Banana Gun Developers Share Details Of Telegram Bot Hack

[Friend]

On September 19, members of the crypto community reported the alleged hacking of the Banana Gun trading bot and the theft of funds. The developers of the service confirmed "unauthorized transfers" from the wallets of a limited number of users.

UPDATE ON BOT SITUATION

Today, some users of Banana Gun experienced unauthorized transfers from their wallets. Promptly after the first incident, we immediately switched off the bot and began diligently checking our back-end.

We have confirmed that our back-end is not…
— Banana Gun (@BananaGunBot) September 19, 2024

https://twitter.com/x/status/1836789190953963606

According to them, after the first incident, the team disabled the bot and began a thorough check of the backend.

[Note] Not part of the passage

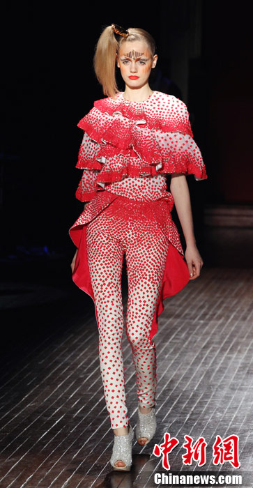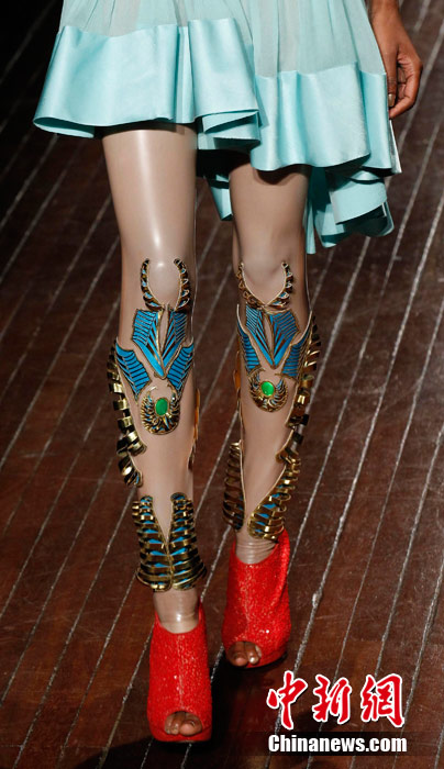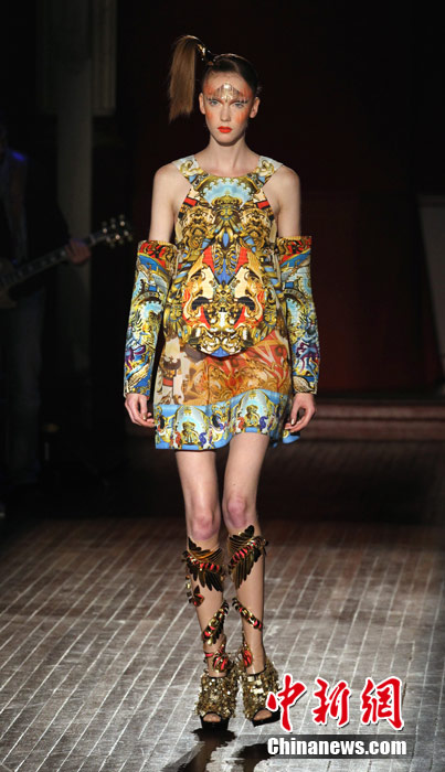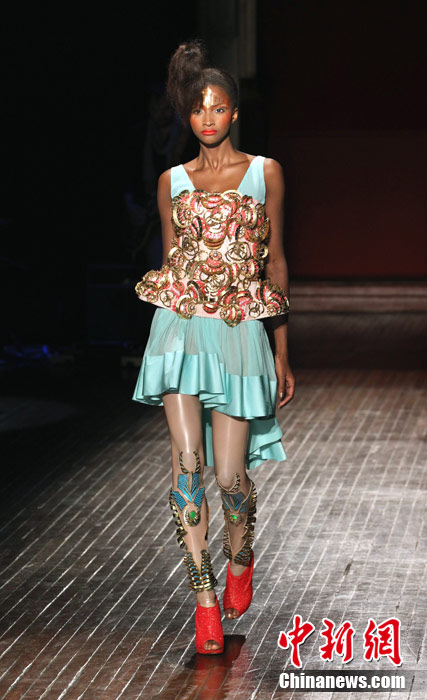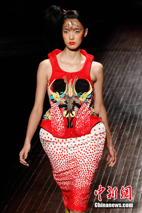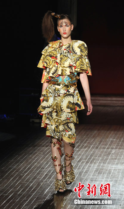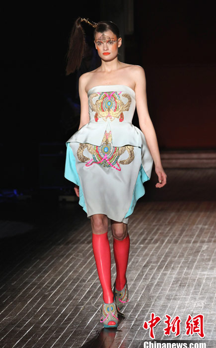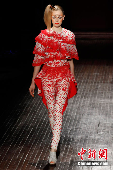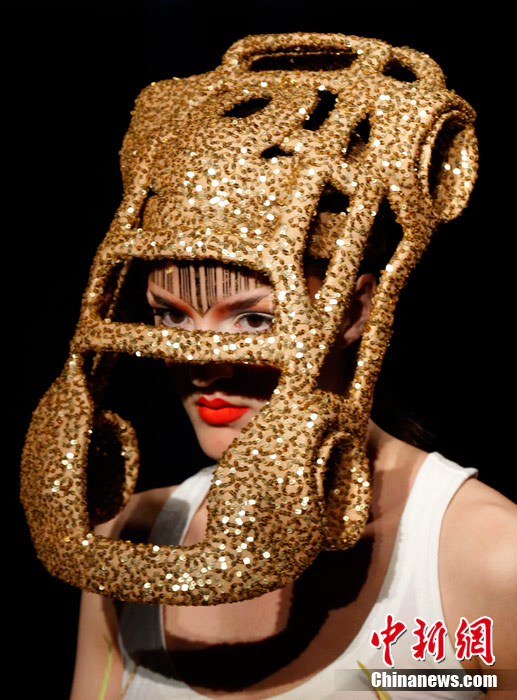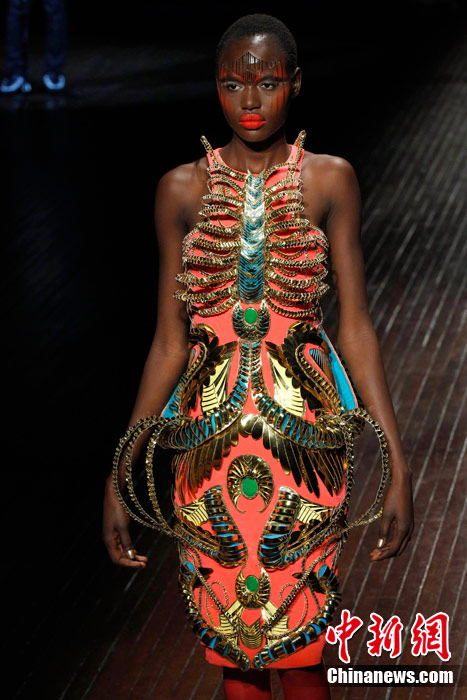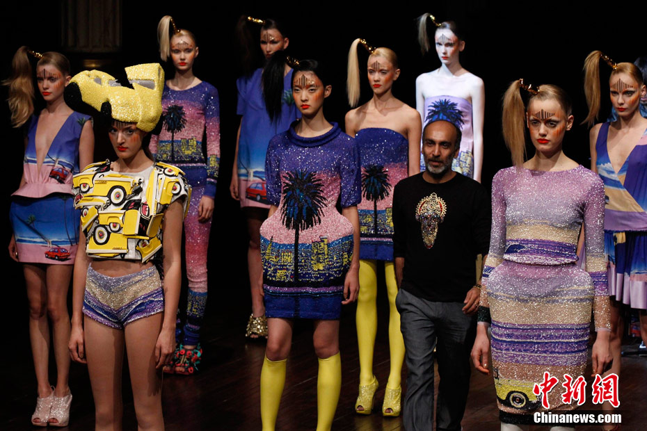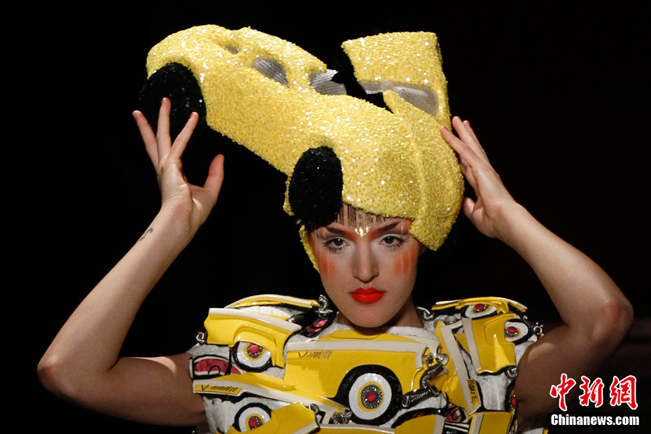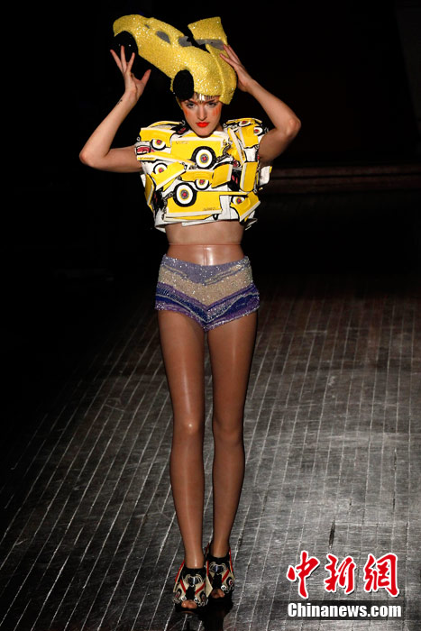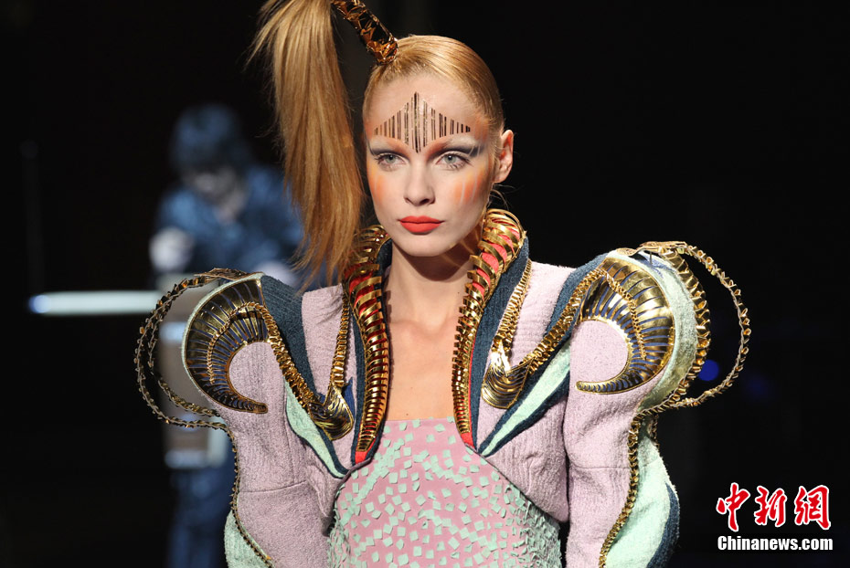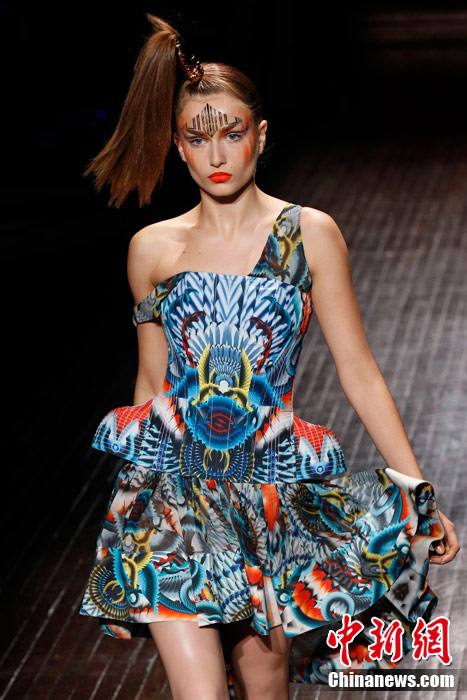 9月30日,巴黎時(shí)裝周上,模特在展示印度設(shè)計(jì)師曼尼詩·阿羅拉(Manish Arora)的作品。大膽鮮艷的另類風(fēng)格,讓人耳目一新。

"We have confirmed that our backend is not compromised. Both the router and the database were thoroughly checked, and only a very small number of users (less than 10) were affected," Banana Gun said.

Since the translations were done manually, this presumably indicates a vulnerability in the frontend.

"We will keep our bot offline while we investigate the root cause," the team added.

The developers did not specify the amount of damage. According

to Dune Analytics, Banana Gun is one of the industry's leading Telegram-based trading bots with a trading volume of over $6 billion from nearly 272,000 users.

Amid the first reports of the alleged hack, the BANANA token reacted with a drop of more than 10%.

At the time of writing, its price has won back a drawdown of 5.7%. According to CoinGecko, the coin is trading at $40.64.

Recall that in November, the trading volume of Banana Gun exceeded $16 million.

 

[Friend]

The team of the Banana Gun trading Telegram bot has confirmed its intention to reimburse 11 affected users for $3 million stolen as a result of the hack on September 19.

BOT INCIDENT RECAP

First of all, we’re humbled by the incredible bot activity on Banana Gun, even after last week’s incident. Thank you all for your patience and trust. We take this as a testament that we're handling the situation properly. As previously mentioned, our EVM and…
— Banana Gun (@BananaGunBot) September 24, 2024

https://twitter.com/x/status/1838660010387116484

According to the developers, payments will be made from the project's treasury and this will not require an additional sale of tokens.

An investigation involving external experts revealed a potential vulnerability in the Telegram message oracle that used Banana Gun.

"The root cause analysis is confirmed, firstly, by the nature of the attack (manual translations, not a script) and the fact that victims received notifications about transfers in the bot," the developers said.

The attack was aimed at Smart Money traders and crypto market veterans, known in the community for their experience and media presence.

The incident affected EVM and Solana bots, which have separate codebases and work independently.

For now, the Banana Gun team has fixed the issue and reactivated the bots. For security reasons, transfers are made with a two-hour delay.

The developers plan to introduce two-factor authentication for data transfer, as well as audit web applications and Telegram bots.

Despite the incident, activity resumed at Banana Gun. According to Dune Analytics, at the time of writing, the cumulative trading volume has exceeded $6.3 billion from more than 278,000 users.